The distribution-based method we describe uses the data in real time to update the distribution being estimated. This concept is Bayesian and implies active, real-time adaptation of the updating rules. A conceptual review of the Bayesian updating method is given in Ref. 18. In this paper we extend the method and test it against simulated data, comparing its performance to a simple maximum likelihood method, the running average. We also apply the method for the first time to the experimental FRET data on calmodulin, an important calcium-signaling protein.¹⁹

Our method converts running data of photon numbers n_a(t), n_b(t) into a time-dependent joint distribution P(μ_a, μ_b; t).
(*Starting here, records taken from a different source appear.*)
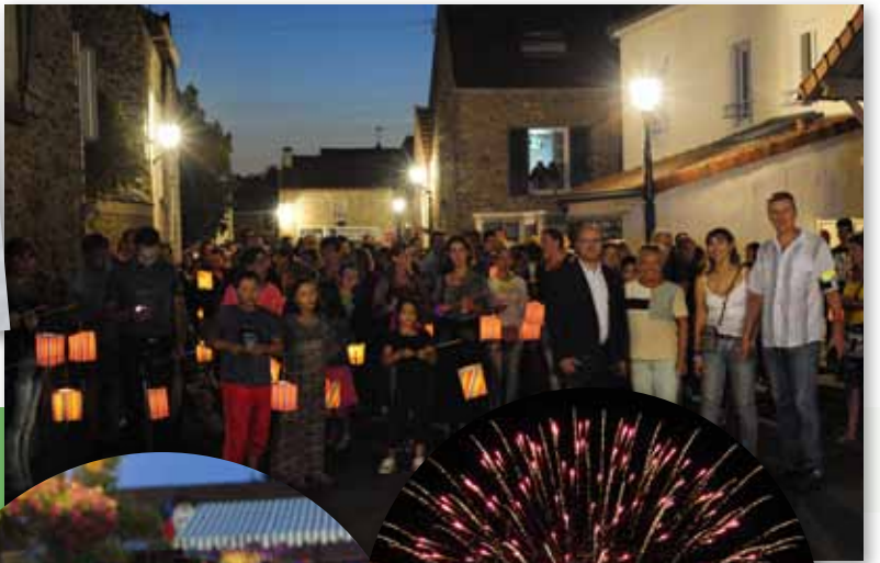
13 juillet 2015 Bal animé par le groupe Gouach et feu d'artifices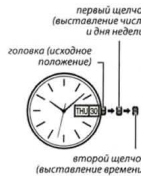
первый щелчок (выставление числа и дня недели)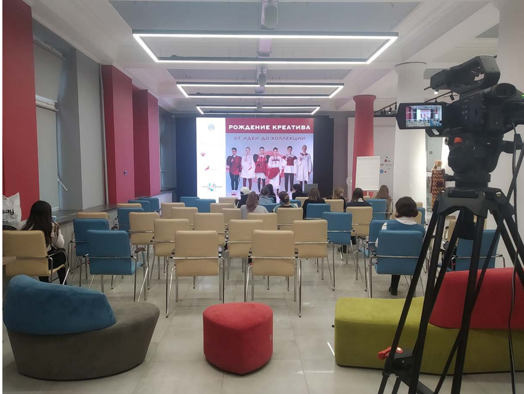
КОНФЕРЕНЦЗАЛ «ТОЧКА КИПЕНИЯ»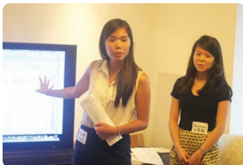
与益启慈善合作开展捐赠工作坊

注释：上面呈递的未经审计的财务报表所记录的巴迪基金会的财政年度为2013年1月1日至2013年12月31日。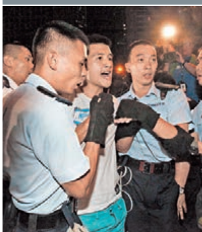
海關總會昨日發表聲明，支持警方在七一遊行期間嚴正執法。圖為當日警方拘捕違法集會人士。

香港文匯報訊(記者 鄭治祖) 香港海關人員總會昨日發表聲明，支持香港警察在七一遊行期間嚴正執法。總會並在聲明中批評，在剛過去的七一遊行，「極少數激進分子」提前「預演佔中」，肆意堵塞道路、妨礙交通，擾亂社會秩序。他們贊同警方果斷採取清場行動，拘捕違法集會人士，有效維護了中環金融中心秩序，更顯示政府維護法治的決心，亦對「佔中」人士以為違法行動不用承擔刑責，起到警告作用。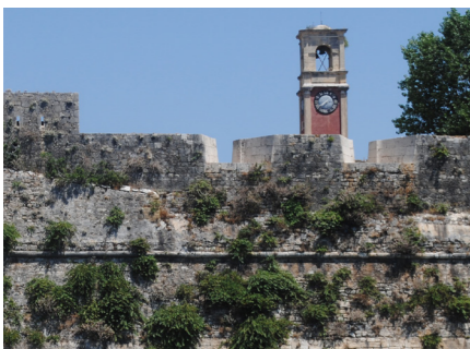
Απόψεις από το θαλάσσιο μέτωπο στα νότια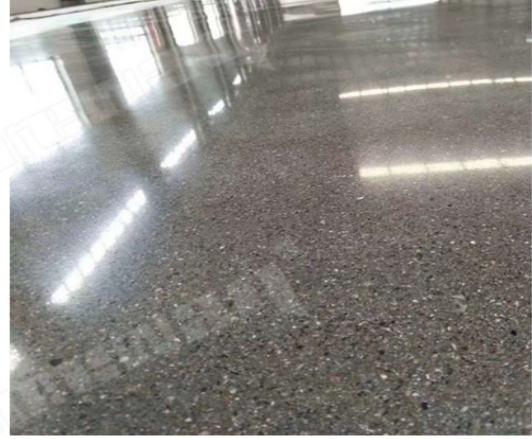
After Grinding and Polishing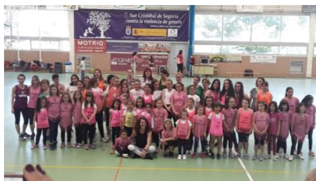
La escuela Municipal de Música y Danza realizó sus festivales finales de curso (foto: grupo de BaileActivo®)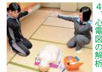
4. 心電図の解析 解析中は、誰も傷病者に触れないようにする

Starting from an assumed “prior” distribution (comprising what we already know about the distribution before data collection), the distribution is updated at each point based on the data. It is important that the output is a probability distribution rather than merely a parameter. Integration over the joint means distribution produces a running efficiency distribution P(E, t). As previously emphasized, no particular FRET efficiency can possibly be observable, whereas the efficiency distribution is well defined from the data. Just as a wave function in quantum mechanics contains much more information than an expected value, the distribution P(E, t) contains more information than any single efficiency parameter. The distribution can respond quickly to short term changes. It also provides useful global information about dynamical states of the system.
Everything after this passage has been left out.